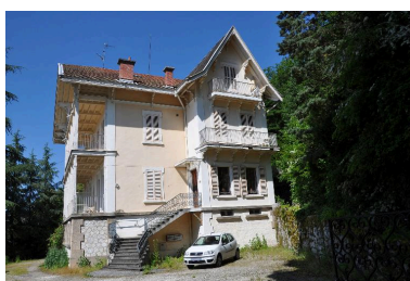
Elévation latérale droite (façade sud)
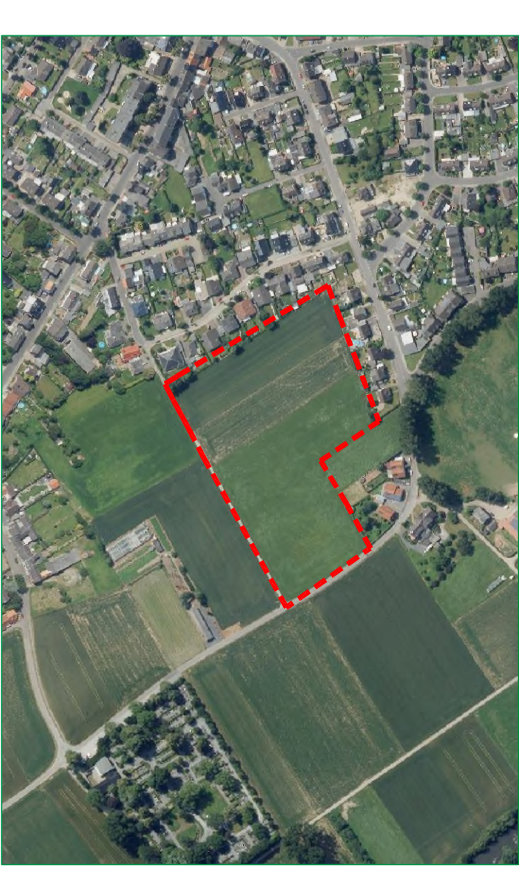
Übersichtskarte - ohne Maßstab

Landschaftspflegerischer Fachbeitrag Karte 2 M : 1 : 1000 Zustand nach B-Plan

#####

▶ **What you are asked to do**: Print the data exactly as written, dropping any images it holds.

▶ **Task answer**:
Elévation latérale droite (façade sud)
Übersichtskarte - ohne Maßstab

Landschaftspflegerischer Fachbeitrag Karte 2 M : 1 : 1000 Zustand nach B-Plan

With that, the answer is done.